======== Supplied entries ========
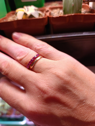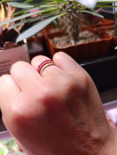Хорошее маленькое кольцо с очень-очень маленькими натуральными рубинами. Подойдёт для любителей минимализма. Сразу не заметно, но камни разные по величине, хотя в глаза это не бросается.
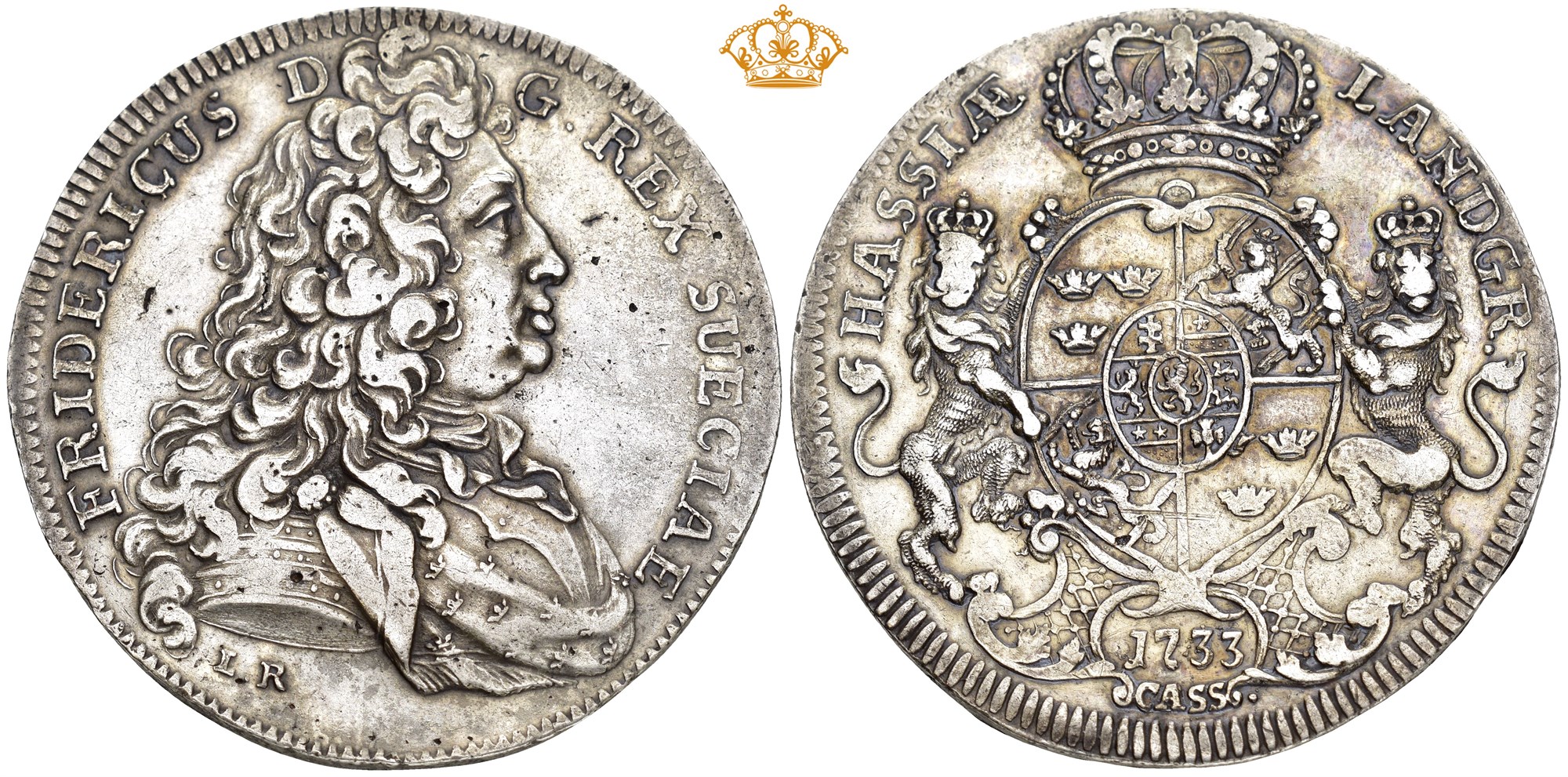 Taler 1733, Kassel. 29,15 g. Mintmaster Louis Rollin (1723-1744) Landgrave Frederick I, 1730–1751, King of Sweden since 1720. Armoured bust right, draped mantle, below L.R. / Crowned lions support crowned Swedish shield with Hessian inescutcheon; below, date above CASS (Cassel/Kassel).<BR>Not uncommon for this type, somewhat weakly struck and on imperfect planchets. Rare
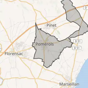 - Pomérols sur le site de l'Insee, наведено за французькою вікіпедією
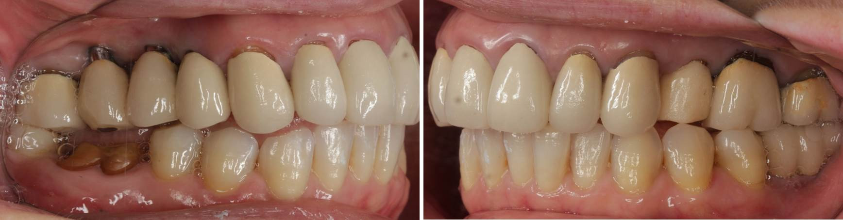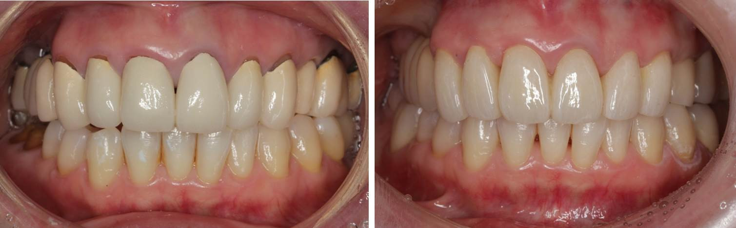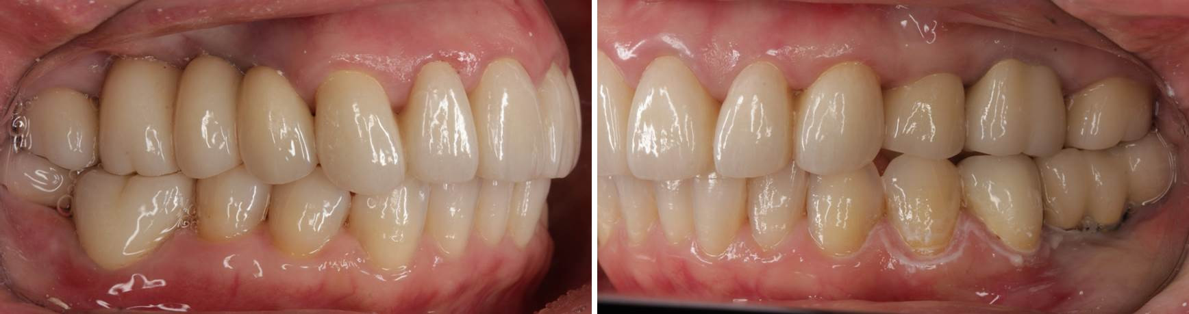 画像は術後の記録です。咬合平面が揃い、横一線に歯列が構築され、歯並び・咬み合わせの面で調和が図られています。最新のセラミックス材料「高透光性ジルコニア」による審美補綴治療の一例です。被せ物の縁もしっかりと合わせています。
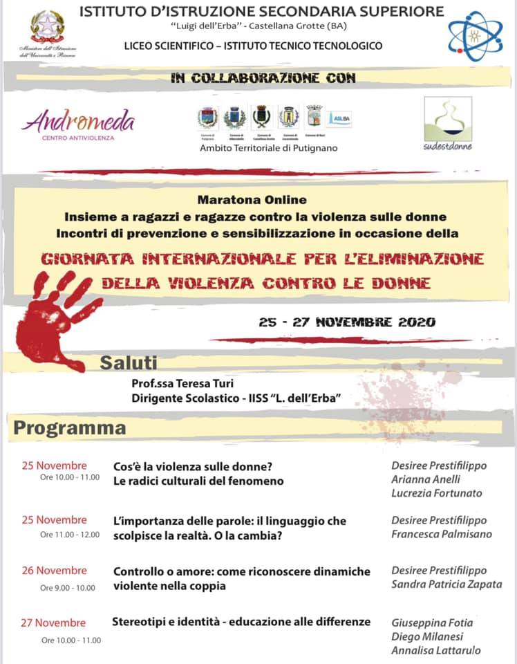 Oggi, invece, sarà interamente dedicato all’universo delle e degli adolescenti, attraverso una lunga maratona online che coinvolgerà la maggior parte degli Istituti superiori dell’Ambito di Putignano: un’iniziativa che travalica i confine provinciali e che vede coinvolti tutti i territori in cui opera la rete dei Cav di Sud Est Donne, attraverso 6 Ambiti territoriali (Gioia del Colle, Grumo Appula, Martina Franca, Ginosa, Massafra), oltre 40 classi delle scuole superiori,16 figure professionali e più di 800 studenti partecipanti.
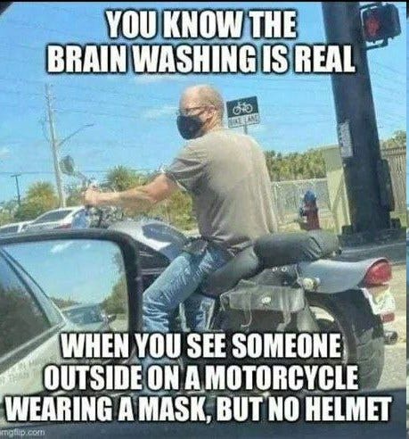 An n95 mask on with the helmet on is the most dumb shit ever. What's next, shoes to go over your shoes?
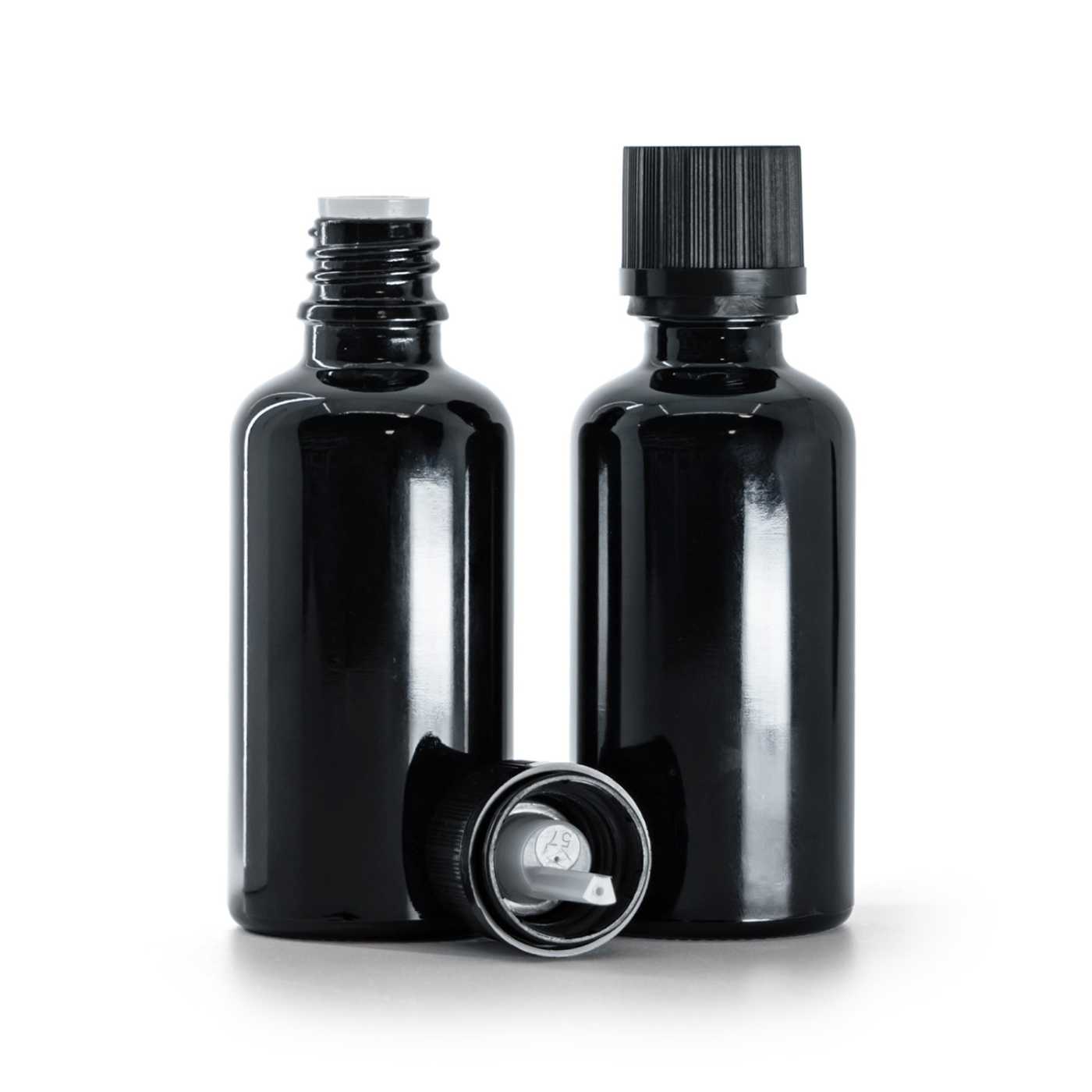 Fekete fényes üvegflakon, fekete biztonsági kupak cseppentőbetéttel, 50 ml
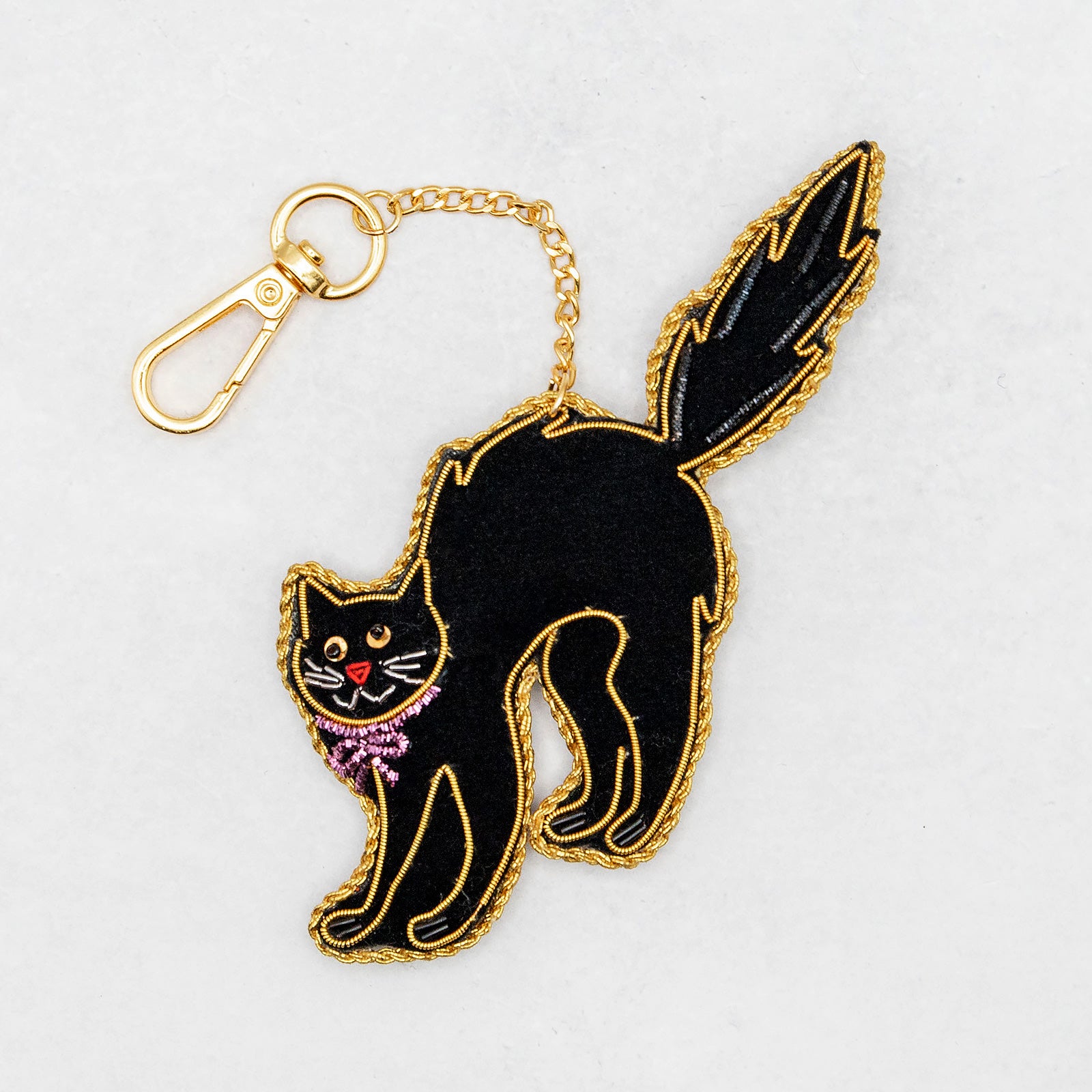 COTTAGE/コテージ ザリ刺繍 キーホルダー ブラックキャット
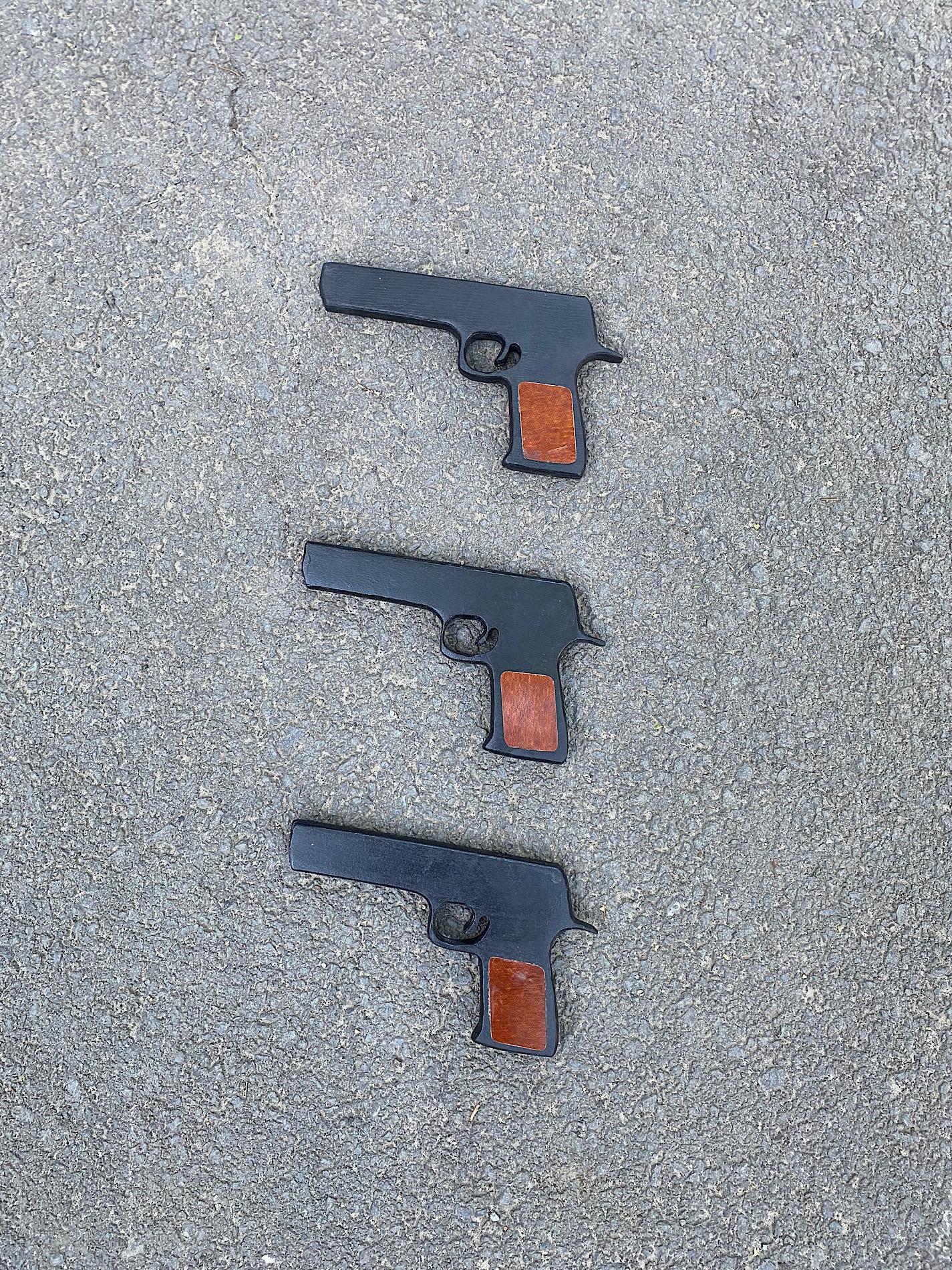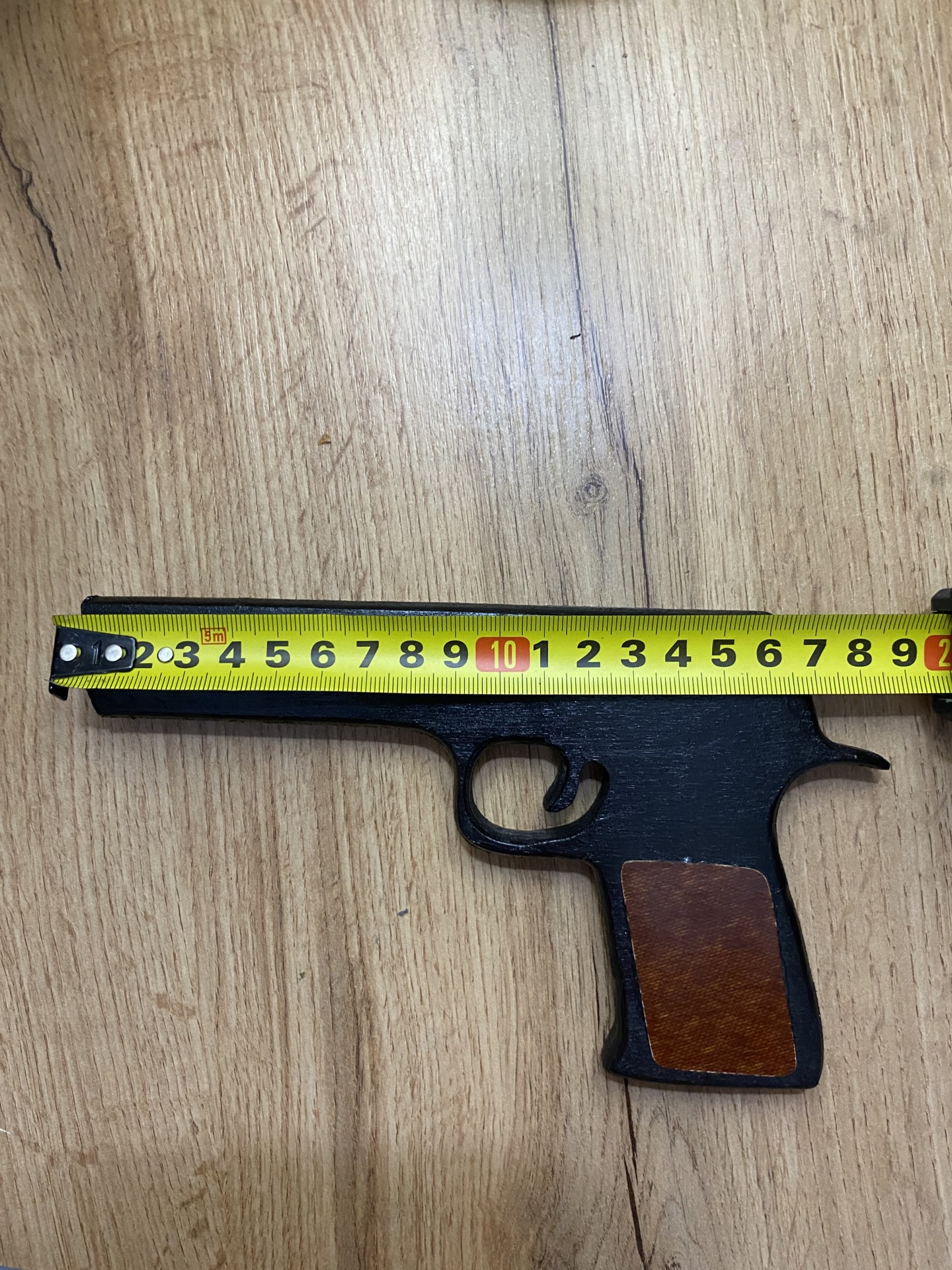 Пистолет изготовлен из фанеры толщиной 15мм.Покрыты чёрным акриловым лаком.
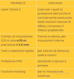 Con il Misuratore laser 30 metri TLM 99 STHT1-77138 STANLEY potete calcolare subito e con estrema precisione distanze, aree e volumi per muri, soffitti e stanze. Il risultato è un grande risparmio di tempo con una strumentazione limitata ad un solo utensile di pochi grammi. Calcola distanze in linea, aree e volumi, somma e sottrae le misure. Ha una precisione di ± 2.0 mm. La funzione calcolatrice di TLM99 permette di calcolare in modo preciso la quantità di materiale, vernice o rivestimento, necessari al lavoro. Caratteristiche: •Schermo 2 linee •Indice protezione pioggia e polvere IP40 •Disattivazione automatica: dopo 180 s •2 batterie AAA incluse (1.5V) •Durata della batteria (2x AAA) fino a 3000 misurazioni QUESTO ARTICOLO È NUOVO E NON PUO’ ESSERE SCONTATO ULTERIOMENTE.
========
**Task requirements**
Only the pictures are dropped when you print the material; everything else is copied exactly.

**Output for this exercise**
Хорошее маленькое кольцо с очень-очень маленькими натуральными рубинами. Подойдёт для любителей минимализма. Сразу не заметно, но камни разные по величине, хотя в глаза это не бросается.
 Taler 1733, Kassel. 29,15 g. Mintmaster Louis Rollin (1723-1744) Landgrave Frederick I, 1730–1751, King of Sweden since 1720. Armoured bust right, draped mantle, below L.R. / Crowned lions support crowned Swedish shield with Hessian inescutcheon; below, date above CASS (Cassel/Kassel).<BR>Not uncommon for this type, somewhat weakly struck and on imperfect planchets. Rare
 - Pomérols sur le site de l'Insee, наведено за французькою вікіпедією
 画像は術後の記録です。咬合平面が揃い、横一線に歯列が構築され、歯並び・咬み合わせの面で調和が図られています。最新のセラミックス材料「高透光性ジルコニア」による審美補綴治療の一例です。被せ物の縁もしっかりと合わせています。
 Oggi, invece, sarà interamente dedicato all’universo delle e degli adolescenti, attraverso una lunga maratona online che coinvolgerà la maggior parte degli Istituti superiori dell’Ambito di Putignano: un’iniziativa che travalica i confine provinciali e che vede coinvolti tutti i territori in cui opera la rete dei Cav di Sud Est Donne, attraverso 6 Ambiti territoriali (Gioia del Colle, Grumo Appula, Martina Franca, Ginosa, Massafra), oltre 40 classi delle scuole superiori,16 figure professionali e più di 800 studenti partecipanti.
 An n95 mask on with the helmet on is the most dumb shit ever. What's next, shoes to go over your shoes?
 Fekete fényes üvegflakon, fekete biztonsági kupak cseppentőbetéttel, 50 ml
 COTTAGE/コテージ ザリ刺繍 キーホルダー ブラックキャット
 Пистолет изготовлен из фанеры толщиной 15мм.Покрыты чёрным акриловым лаком.
 Con il Misuratore laser 30 metri TLM 99 STHT1-77138 STANLEY potete calcolare subito e con estrema precisione distanze, aree e volumi per muri, soffitti e stanze. Il risultato è un grande risparmio di tempo con una strumentazione limitata ad un solo utensile di pochi grammi. Calcola distanze in linea, aree e volumi, somma e sottrae le misure. Ha una precisione di ± 2.0 mm. La funzione calcolatrice di TLM99 permette di calcolare in modo preciso la quantità di materiale, vernice o rivestimento, necessari al lavoro. Caratteristiche: •Schermo 2 linee •Indice protezione pioggia e polvere IP40 •Disattivazione automatica: dopo 180 s •2 batterie AAA incluse (1.5V) •Durata della batteria (2x AAA) fino a 3000 misurazioni QUESTO ARTICOLO È NUOVO E NON PUO’ ESSERE SCONTATO ULTERIOMENTE.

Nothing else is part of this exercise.